Un'ultima precisazione necessita di essere fatta. In sede di scrittura ho scelto di non separare le due fasi di ricerca, quella individuale presso il servizio di NPIA e quella che mi ha vista coinvolta insieme agli educatori e alle educatrici nei focus group. Questo principalmente perché tenere distinte le due fasi avrebbe comportato una ripetizione dei contenuti affrontati. Come infatti emergerà nelle prossime pagine e nei capitoli che seguono, le questioni e le riflessioni emerse rispetto alle pratiche di (ri)produzione della disabilità infantile nel lavoro quotidiano di operatrici e operatori, sono in gran parte affini. Ciò che differenzia queste due fasi di lavoro sul campo riguarda primariamente le possibilità di trasformazione che la ricerca accademica, se viene intesa come accompagnamento di processi, può attivare e sostenere.

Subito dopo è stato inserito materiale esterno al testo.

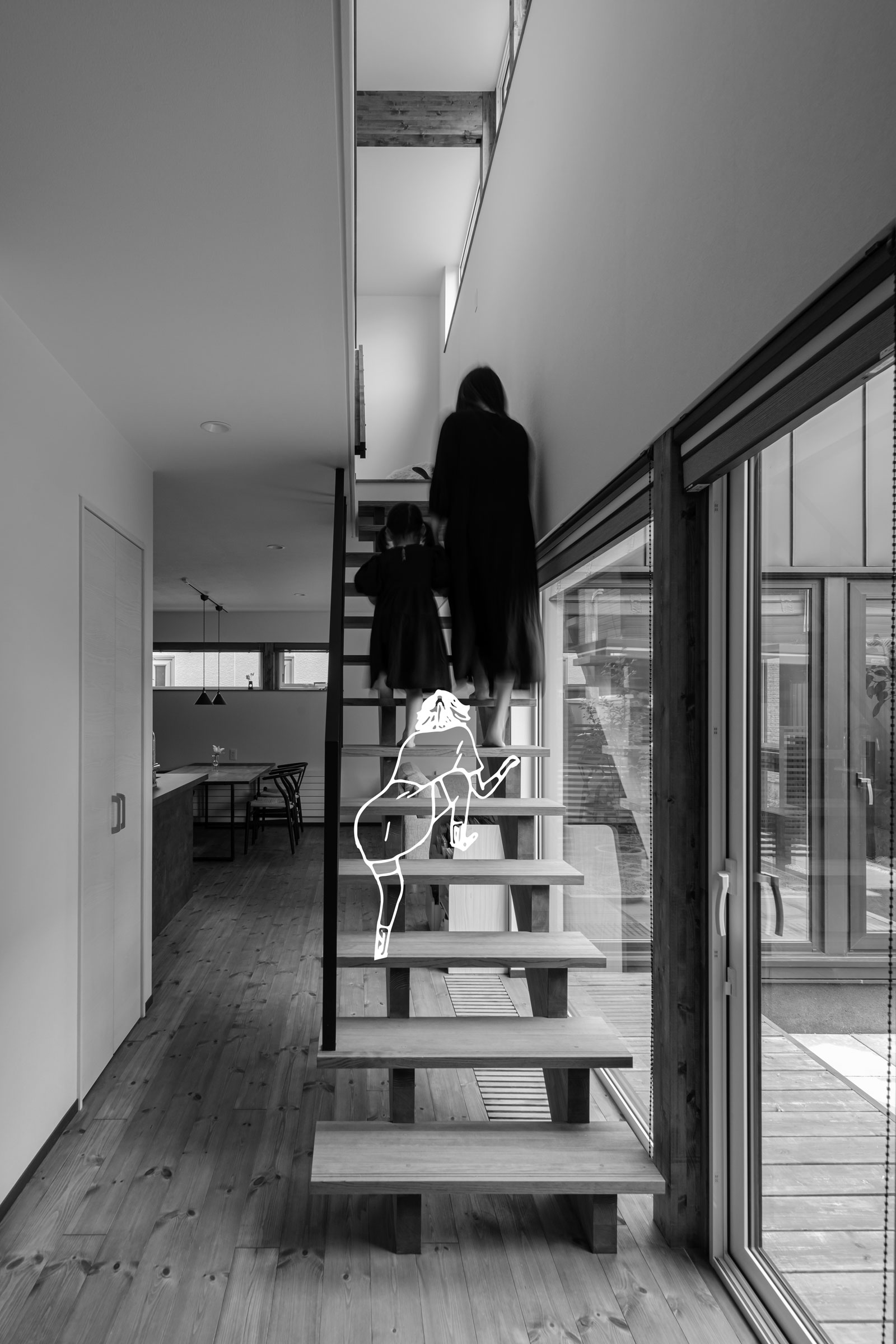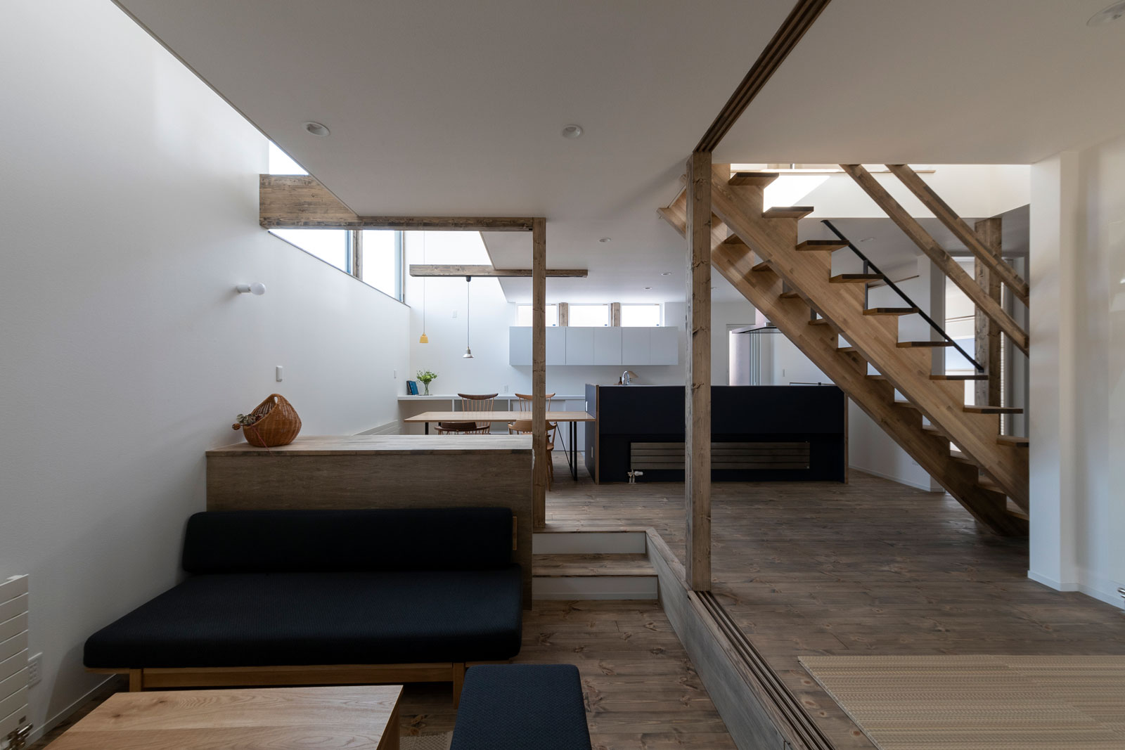 光の強い部分と弱い部分が共存することで、空間にメリハリが生まれる。 居心地の良い場所を、その時々で感じることでアクティビティが生まれる。 その時間、その季節で感じる余韻。

60 Faccio riferimento alla Rete Educatrici ed Educatori Bologna, nata a febbraio 2015 in seguito alla mobilitazione di un gruppo di educatori che ha interrotto il consiglio comunale per protestare contro l'esito di una gara di appalto (si consulti l'articolo pubblicato il 9 Febbraio 2015 su Repubblica http://bologna.repubblica.it/cronaca/2015/02/09/news/la_rabbia_degli_educatori_in_consiglio_basta_tagli-

106901991/ ). A questo indirizzo si può trovare il sito internet in forma di blog: http://educatoribolognainrete.blogspot.it/.

Dall'incontro di diversi soggetti individuali e collettivi a luglio 2015 è nato poi il Coordinamento delle

Lavoratrici e dei Lavoratori del Sociale, una realtà composta di educatrici ed educatori delle cooperative sociali e

comunali, assistenti sociali, mastre e maestri delle scuole dell’infanzia, operatrici e operatori dell’accoglienza e altri, con l’intento di promuovere una riflessione trasversale ai diversi servizi sul funzionamento del welfare cittadino.